The promise of "fiber to the home" is still mostly unrealized

Really? The US is really unsophisticated in certain key areas that you wouldn't expect.

[–] MangoCats@feddit.it 1 points 10 hours ago

They are starting to roll it out in fits and starts in the major metro areas at least, but yeah, 20 years late and nowhere near as universally as promised when our service providers took all those government grants and then didn't deliver, IMO.

[–] partial_accumen@lemmy.world 2 points 2 days ago (1 children)

The promise of “fiber to the home” is still mostly unrealized, but those trunk lines are out there with oodles of “dark fiber” ready to carry data… someday.

Counterintuitively, I'm seeing "fiber to the home" deployed more in rural an exurb areas. My guess this is because its lower density meaning installing and maintaining copper repeaters becomes more expensive than laying long distance, low maintenance, fiber. Additionally its easier to obtain permits because there is far less existing infrastructure to interfere with right of way and critical services.

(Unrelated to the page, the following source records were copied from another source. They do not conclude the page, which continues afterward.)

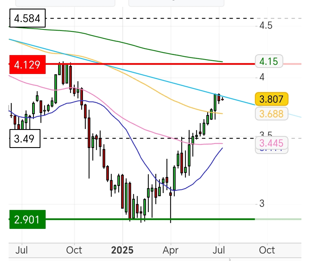 Está dificil o ataque aos €4 (quizás resistencia mais psicologica que real) :?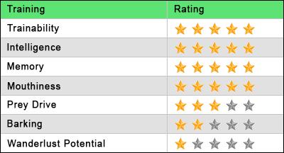 - Temperament: Affectionate, Easygoing, Curious, Dedicated, Hard Working, Intelligent, Inquisitive, Independent, Loyal, Keen, Resolute, Vigilant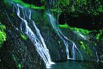 御岳山東面の四合目の山肌より湧きだした伏流水により形成される、いわゆる潜流瀑である。 檜の原生林帯である油木美林により蓄えられた清水が絶えることなく流れだしている。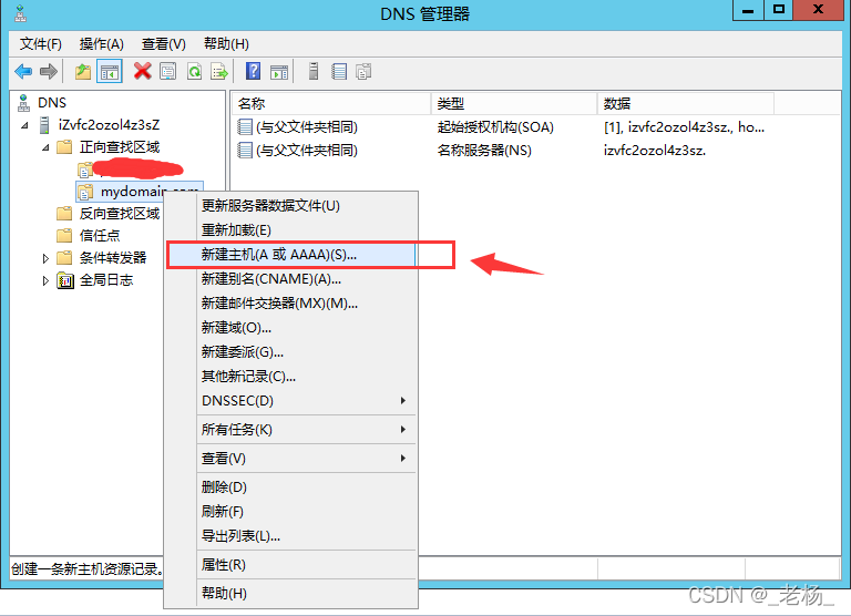 在正向查找區域下選中剛才新建的域名 mydomain.com 右鍵點擊新建主機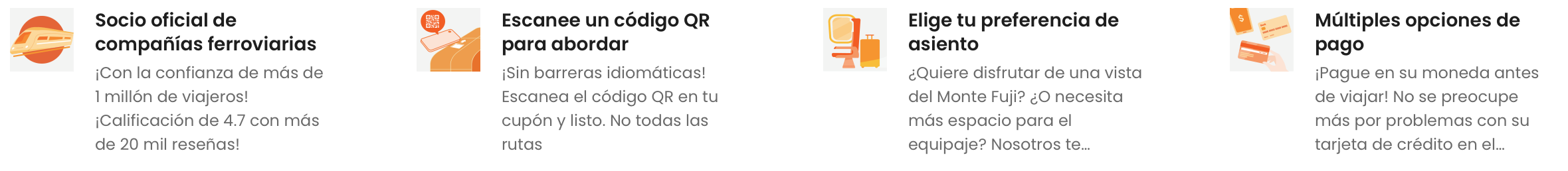 Klook te permite elegir tu tren, tipo de asiento y fecha de viaje, y los extras que quieras o necesites, todo en un solo lugar.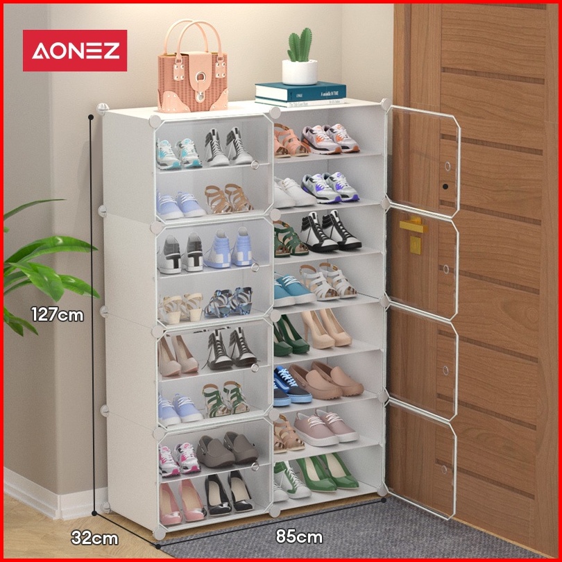 Aonez Rak Sepatu Anti Debu 2 Kolom 8 Layer Kotak Sepatu Tahan Debu Lemari Untuk Ruang Tamu Dan Kamar Tidur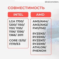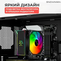 Кулер для охлаждения процессора Snowman M-T620 RGB – устройство со сбалансированными характеристиками. Оно подойдет для различных систем, возможно поставить на платы с различными видами сокетов. Для этого вместе с кулером в коробку прикладываются крепления под них. Крепление кулера на защелках.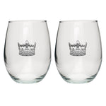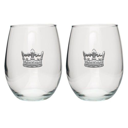 This is a set of two 12 ounce glass goblets with a fine pewter logo medallion bonded to the side. It could be used to serve water, wine or other beverages. Made in USA.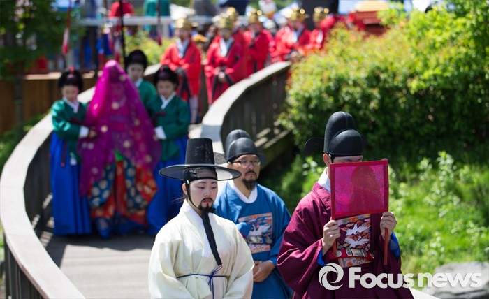 (서울=포커스뉴스) 7일 오전 서울 구로구 궁동저수지생태공원에서 '정선옹주 시집가는 날' 참가자들이 전통혼례를 재현하고 있다. 정선옹주는 조선 14대 임금인 선조와 후궁 정빈 민씨의 딸이다.
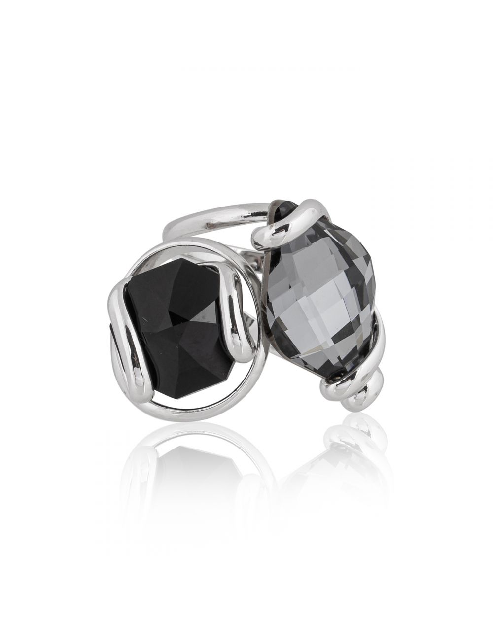 La bague est ornée de cristaux Swarovski, symboles d'élégance et de sophistication. Leur couleur noir intense apporte une touche de mystère et de glamour à cette bague.
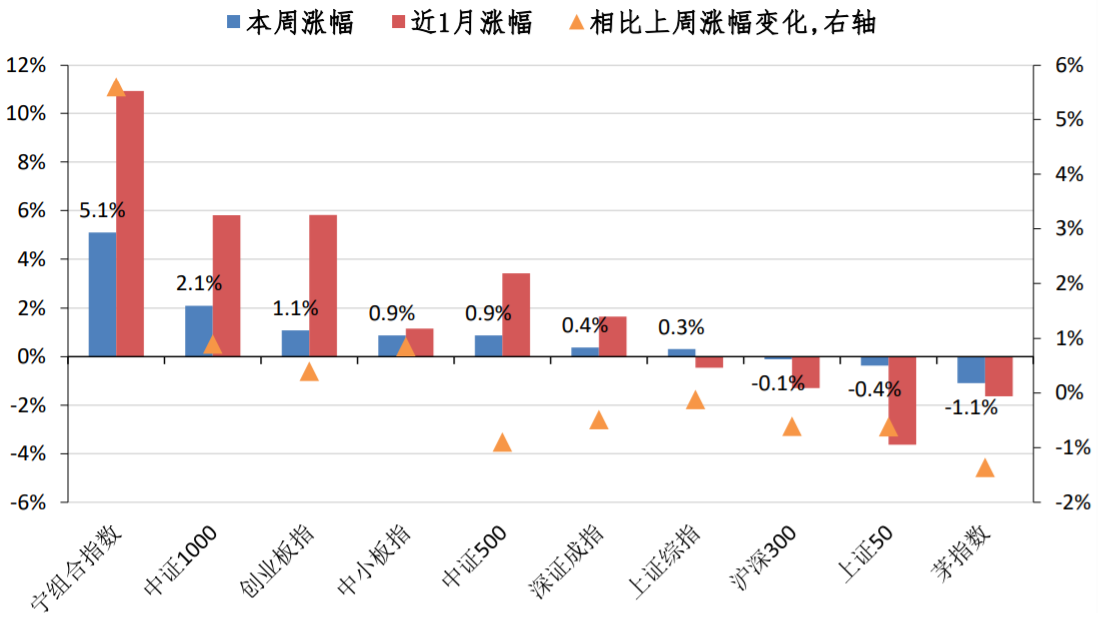 兴业证券统计的数据显示,“宁组合”已经取代“茅指数”,坐上A股市场头把交椅。近一个月,“宁组合”累计上涨11%,超出大盘逾10个百分点,而“茅指数”累计下跌近2%。本周“宁组合”涨幅5.1%,“茅指数”继续下跌1.1%。

We got fiber to the home in our exurb about 4 years ago here in the USA. Its really cheap too. 500Mb/s is $75, 1Gb/s $100, and 5Gb/s I think is $200 per month.

[–] MangoCats@feddit.it 1 points 9 hours ago

Yeah, it's not "nowhere" - but it's really far from "everywhere" considering we've been rolling it out for 25 years now. I think you're right: glass is cheaper than copper these days, and if they've got to repair/replace the copper it's probably cheaper to just run the glass. They put a line down the main road 1/4 mile from our home last year (suburban area in a 1M pop city), and lots of people who live on that main road have gotten fiber to the home service, but they're not interested in running the extra 1500 feet to reach us yet. I'd guess in our city of 1M, maybe 200,000 have potential fiber to the home service if they want it, the rest of us are stuck with re-heated cable TV co-ax for our broadband.